The Nation's Health

What's for breakfast?

Breakfast, for some reason, seems to be the toughest meal of the day for many people.

I think it's because the quest for sweet has dominated the American breakfast for so long, with its half-century legacy of cartoon character-festooned breakfast cereals; baked flour products like pancakes, waffles, and English muffins; more recently, "healthy" alternatives like bran muffins and oat waffles.

This breakfast lifestyle has also contributed to the obesity and diabetes ("diabesity") epidemic. Breakfasts of wheat- or corn-based cereals, even those labeled "heart healthy," fruit, and whole grain breads are guaranteed paths to low HDL cholesterol, high triglycerides, flagrant small LDL, increased inflammatory responses, high blood pressure, and higher blood sugar. Such foods also make you tired, make your abdominal fat grow (wheat belly), and increase appetite so that you want more.

So what can you eat for breakfast that doesn't provoke these patterns?

I will never pretend to be terribly clever in creating meal menus, but I can tell you what has worked for me and many of my patients. Be warned: It may require you to suspend your previous notions of what "should" be included in a list of breakfast foods.

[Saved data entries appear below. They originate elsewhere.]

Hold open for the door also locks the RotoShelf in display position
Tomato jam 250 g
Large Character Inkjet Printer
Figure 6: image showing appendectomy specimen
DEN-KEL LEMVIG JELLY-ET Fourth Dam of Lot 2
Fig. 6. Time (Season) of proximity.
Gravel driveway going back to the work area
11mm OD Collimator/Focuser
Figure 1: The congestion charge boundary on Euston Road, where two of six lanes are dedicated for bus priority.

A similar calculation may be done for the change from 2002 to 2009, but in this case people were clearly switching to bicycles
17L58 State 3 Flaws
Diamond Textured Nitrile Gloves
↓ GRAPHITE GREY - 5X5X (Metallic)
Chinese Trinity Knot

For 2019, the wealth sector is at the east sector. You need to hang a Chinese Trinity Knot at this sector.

Here are some examples that you may find helpful:

--Raw nuts--one or several handfuls of raw almonds, walnuts, pecans, pistachios
--Cheeses--the real, traditional sorts like gouda, goat, Swiss, edam, etc. (not Velveeta, Cheez Whiz, etc.)
--Eggs, Egg Beaters--and "spice" them up with sun-dried tomatoes, salsa, olives, tapenades, olive oil, onions, green peppers, etc.
--Yogurt (real, of course), cottage cheese
--Ground flaxseed, oat bran--as hot cereals or added to yogurt, cottage, or other foods. Esp. helpful for reducing both total LDL and the proportion of small LDL.
--Oatmeal--slow-cooked, not the instant nonsense.
--Soups--great for winter.
--Dinner foods--chicken, beef, fish, green beans, asparagus, tomatoes, etc., most easily added by saving left-overs from dinner. You'll be surprised how filling dinner foods eaten at breakfast can be.

It's really not that tough. It just means selecting from an entirely different list of foods than you might be accustomed to.